Grace Lutheran’s fish fry on Oct. 9 benefits Emma Myers – Salisbury Post

By David Freeze

For the Salisbury Post

SALISBURY – Emma Myers has a few things on her bucket list. She wants to go bear hunting and deep sea fishing. Most are not typical of a 16 year old girl, but Emma’s journey over the past 12 years is not typical either. In fact, most medical professionals haven’t even heard of Emma’s illness.

The complex regional pain syndrome has been described as the most painful disease known to man. There is no cure, but remission is possible. Emma is making progress and the prognosis for her return to a normal life is good. Her treatment costs over $ 3,000 a week and family members have suffered high living expenses near the Spero Clinic in Fayetteville, Arkansas.

The Grace Lutheran Church Fish Fry’s 13th Annual Men on Missions benefits Emma’s overwhelming medical bills and other expenses since CRPS took control of her life. As one of the largest fundraisers in Rowan, church members prepare fish dinners that are both to eat and take away. A huge raffle includes items that are now being collected but already include a family photography session, half day fishing trip, Benelli shotgun, and a very popular pallet art.

At the age of 4, Emma had the last operation to correct a clubfoot on her right side. Pain began to creep up that side until she finally couldn’t walk or go to school. She couldn’t bear to be touched by anything in this area. CRPS, also known as reflex sympathetic dystrophy syndrome, is a chronic pain disorder in which high levels of nerve impulses are sent to an affected area. It mostly occurs after an injury, but doctors believe Emma’s case began with the surgery. Experts believe that CRPS occurs due to a dysfunction of the central or peripheral nervous system.

Emma’s mother Melisa said, “When there didn’t seem to be a lot of hope other than physiotherapy to just get her working again, I started researching like crazy. Emma had been doing physical therapy at Chapel Hill for over a year and while regaining mobility there was no relief from the pain and the CRPS began to spread a little. Through my research, I found a doctor in Cary, North Carolina, Dr. David Pascal who worked with CRPS patients. He was wonderful and gave Emma a lot of hope and encouragement. “

After seeing Emma for a long time, Dr. Pascal told the Myers family that he really felt they needed a much more intense program than he could offer and advised them to come to the Spero Clinic. Dr. Pascal was the mentor of a doctor at Spero, where more comprehensive treatment was available.
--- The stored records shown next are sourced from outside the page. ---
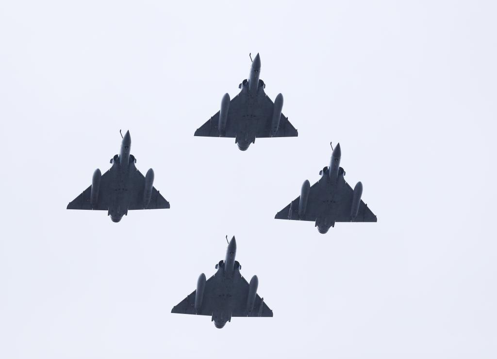 這是2021年7月14日在法國(guó)巴黎協(xié)和廣場(chǎng)國(guó)慶閱兵式現(xiàn)場(chǎng)拍攝的戰(zhàn)斗機(jī)編隊(duì)。新華社記者 高靜 攝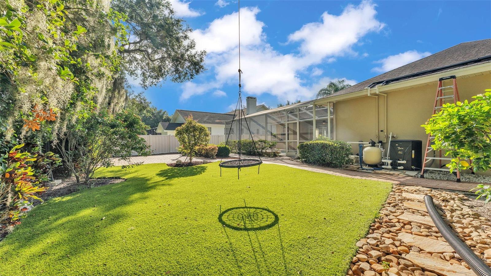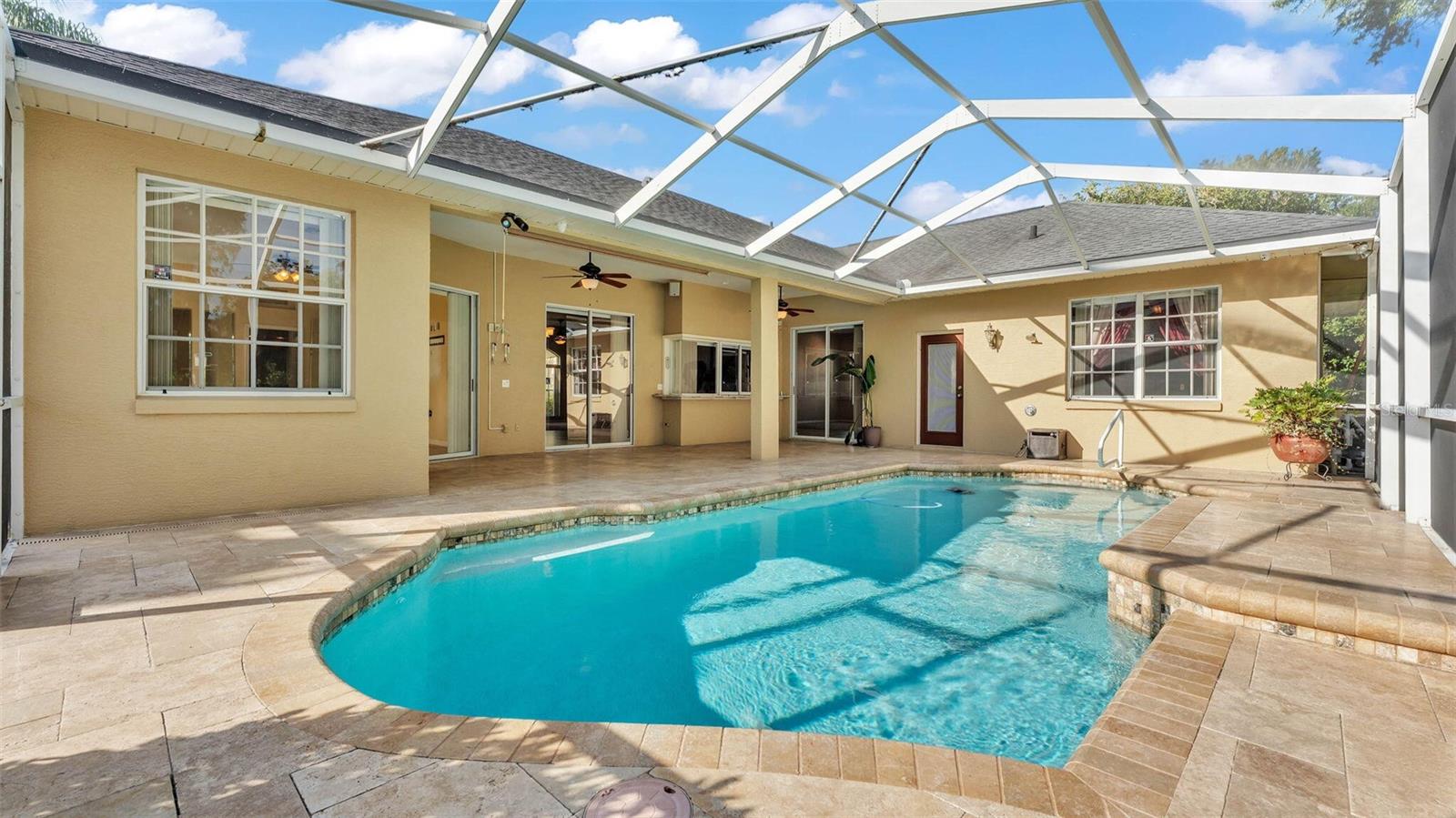 Welcome to this charming Ernie Home located at 1455 Royal Forest Loop. This property features a spacious layout with 3 bedrooms and 2 bathrooms, providing ample living space. Enjoy the open-concept design with a bright kitchen that flows into the living and dining areas, appropriate for entertaining. The backyard offers a private retreat with lush landscaping. Conveniently situated in a great neighborhood, this home provides easy access to local amenities and major roadways. Also please note the Upgrades and newly renovated items. New remodel 2018 -New Generac whole house generator with (2) (full) 120-gallon propane tanks Generator comes with transferable warranty -New Remote retractable track screens on front door and garage -New paint outside -New Paint Inside -New roof -New hot water heater -New Trane variable speed Tri Comfort18 seer air conditioner with Hyperion insulated air handler, Digital color WI Fi touchscreen thermostat with 10-year parts warranty. -New Cabinets (kitchen, both baths, and laundry -New Floor tile -New Carpet -New Pool finish -New Pool cage screen -New Travertine Lani pavers w/ 3" Lani drain vents -New Solar pool heater -New Electric pool heater, -Water discharge system for pool drainage -New shower glass in both baths -New backyard artificial grass (still looks new) -New Fiberglass garage man door -New Garage door opener -Extra storage garage ceiling -New Schlage lock on garage man door, -Ring doorbell -New Security cams along full parameter of house. -New Pavers-circular drive, front door entrance, driveway, Back yard walkway, and 20x20 outside patio -Extra base material added under pavers for heavy loaded vehicles -New Culligan Water Softener with outside soft water spigot for car washing etc. -Mature hedge landscaping for added privacy -New 6' vinyl privacy fence -Fire-pit with stone walkway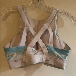 Chestee’s sports bra with a blue and white pattern. Kelsi Kiel design. Best used for weightlifting (cleans and jerks) movements.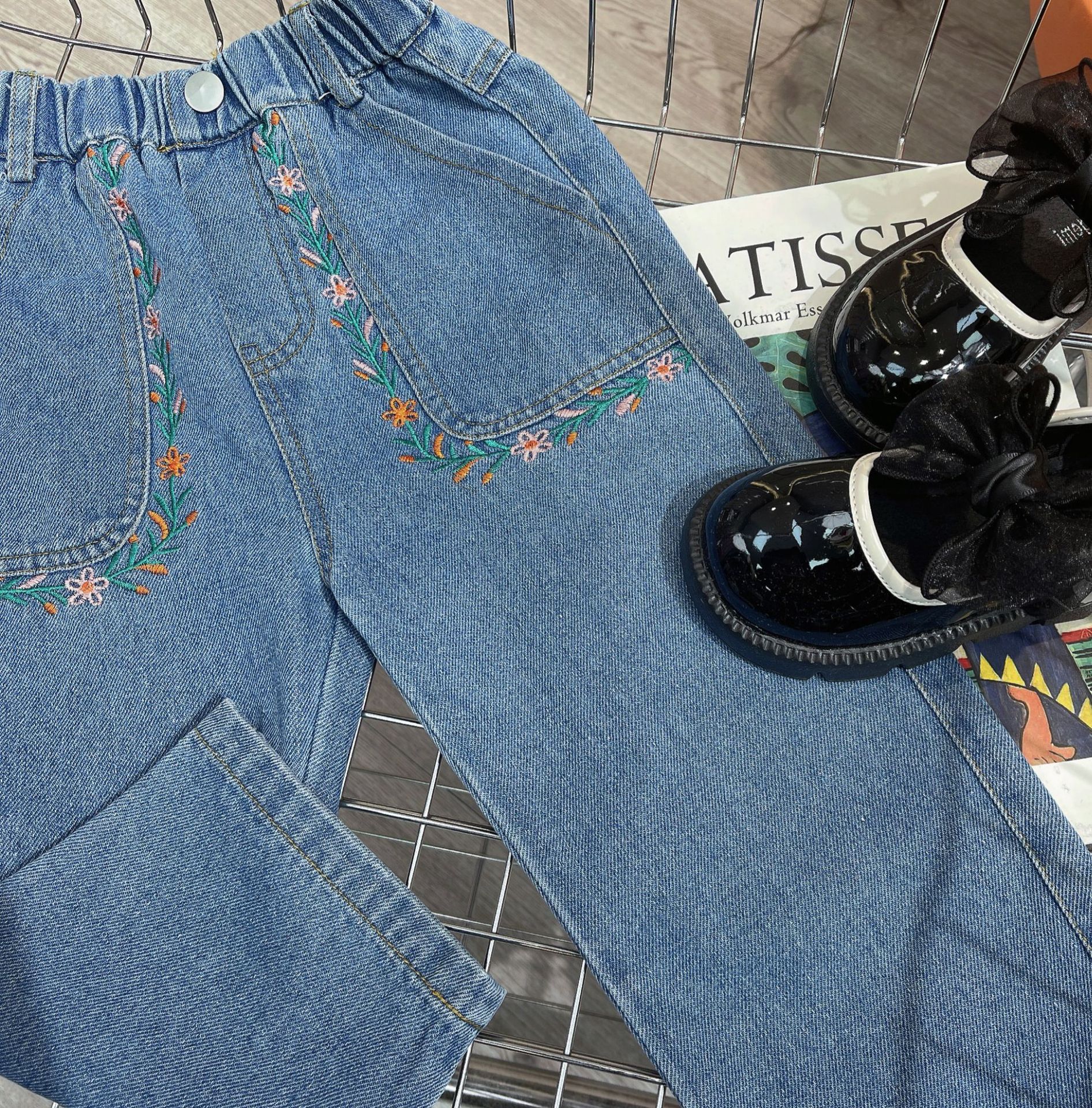 가을 2024 새로운 소녀의 꽃 자수 빈티지 스트레치 청바지 어린이 스타일리스트 스트레이트 와이드 다리 바지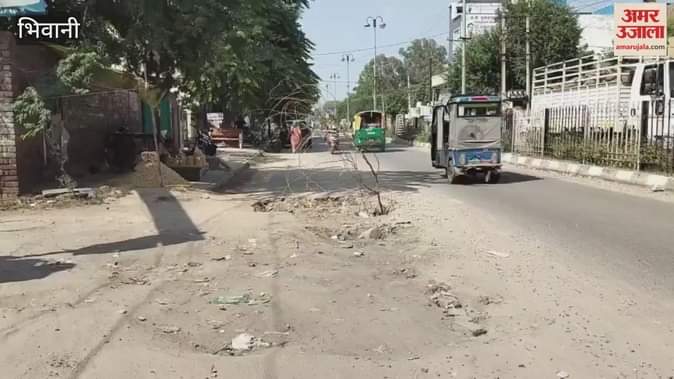भिवानी में लीकेज की वजह से तोड़ी सड़क, वाहनों को हादसों से बचाने के लिए लगाई गई है झाड़ियां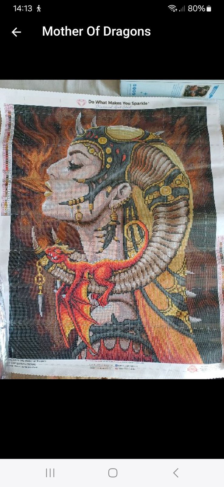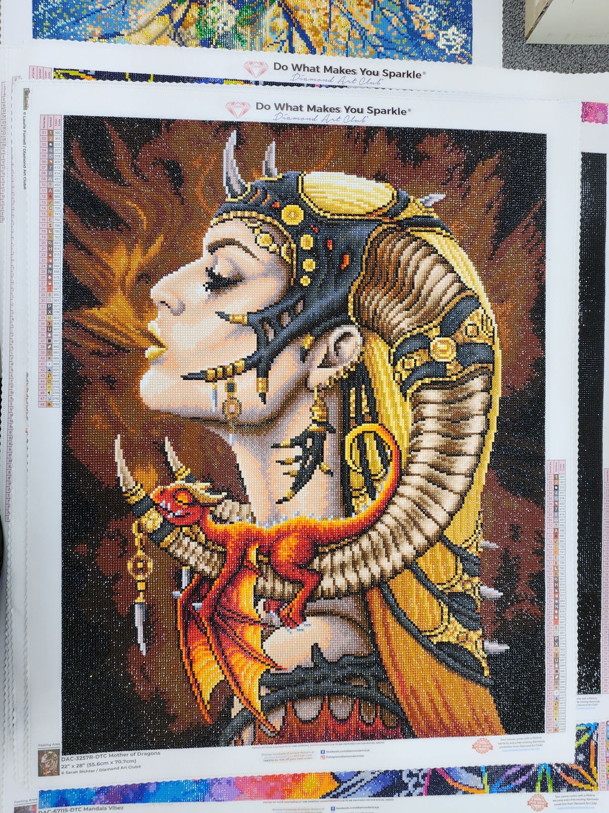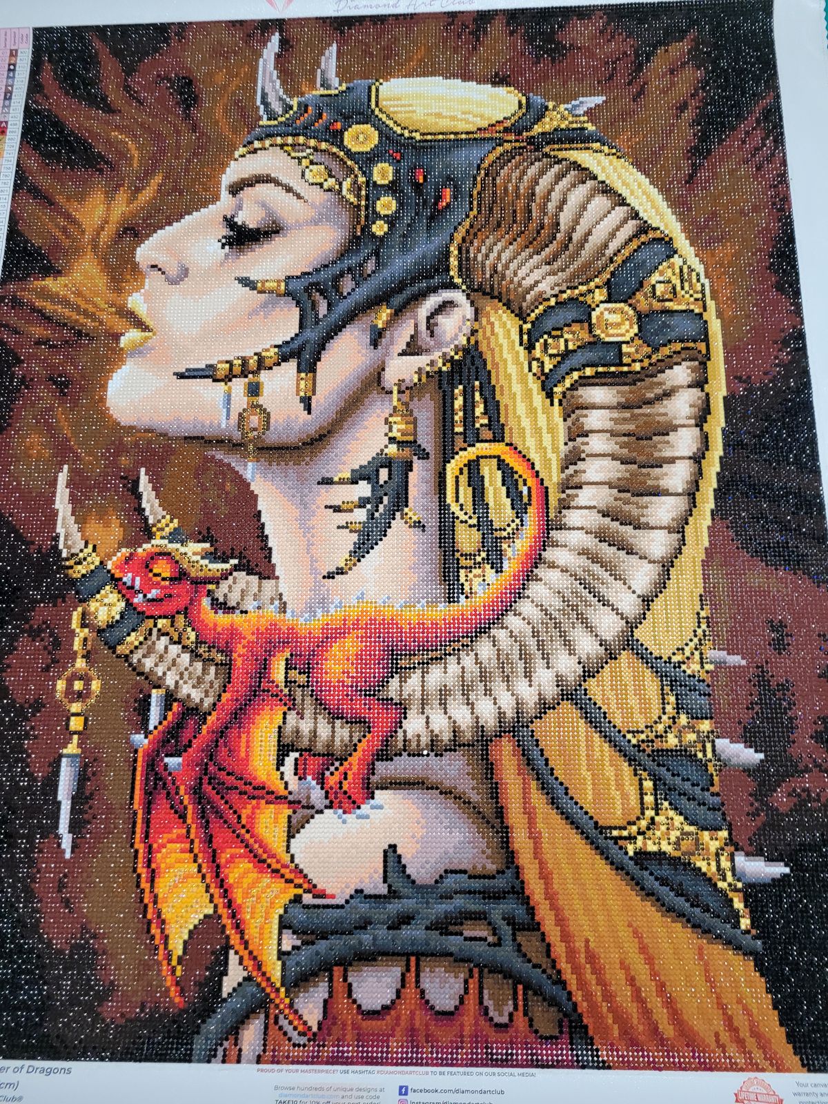 Love it! Adorable dragon compared to such a severe Mother. Vibrant color contrast makes it draw your eyes as soon as you enter the room. Great fun to work.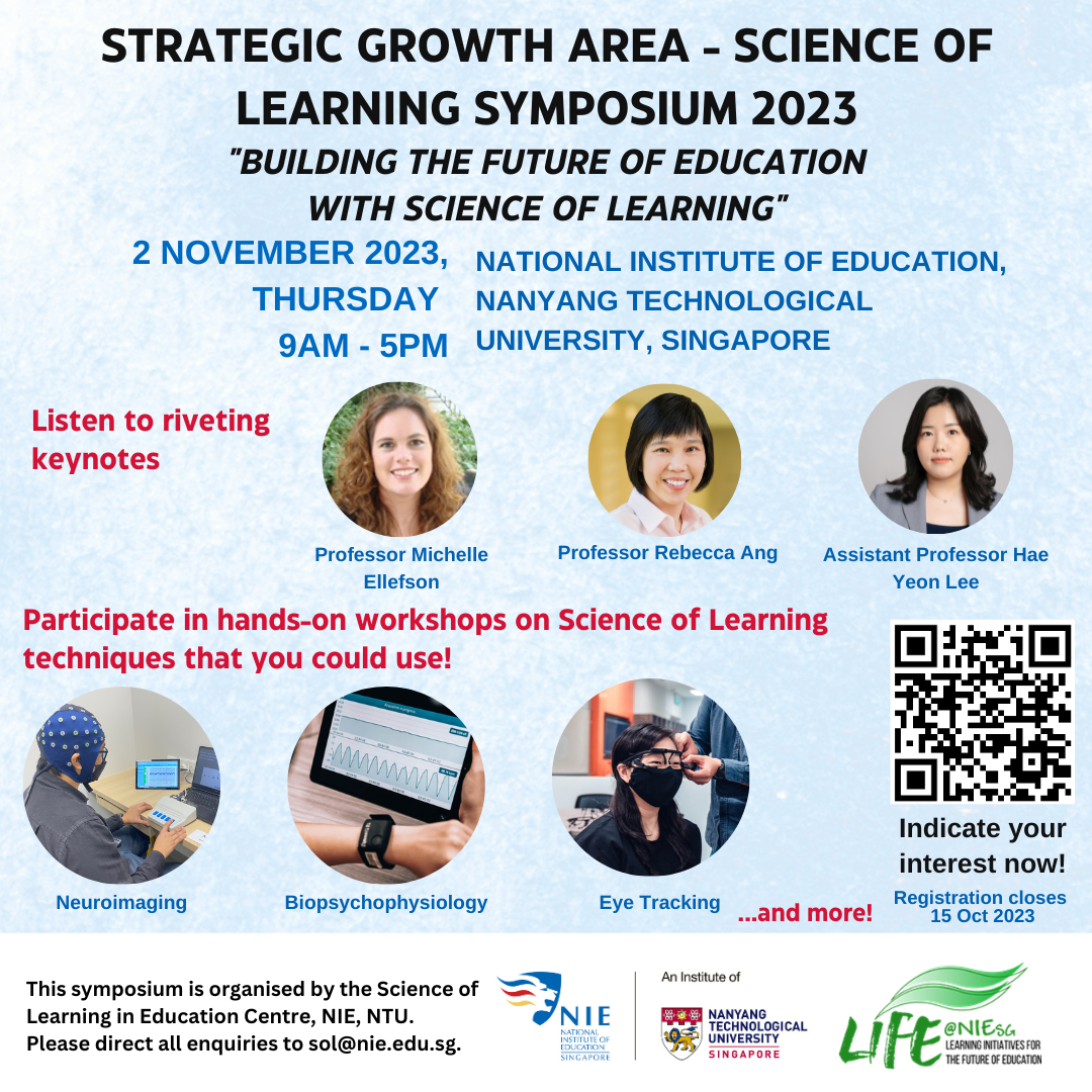 Target audience: Academics and researchers in the fields of Science of Learning and related areas, MOE teachers and officers, and students, among others.

Melisa said, “But it took us something to get here because of the cost. Fortunately, after praying a lot, we knew that we had to bring her here, this is her life we ​​are fighting for. We were able to borrow the money to get started and here we are! Emma was a tough case though, the average patient has been here for 12-16 weeks. We are working on week 32 so it was quite an unexpected and long fight but it works !! Her pain started to subside in week 27 and although we have a long way to go, Emma is really looking forward to the future and making plans and goals! “

Back to those bucket list items. Emma has her right in her sights and said, “One day I want to just run and run. And go for a walk with my grandpa, then climb the Continental Divide! “

Emma will complete the Spero program when she has two consecutive weeks without pain.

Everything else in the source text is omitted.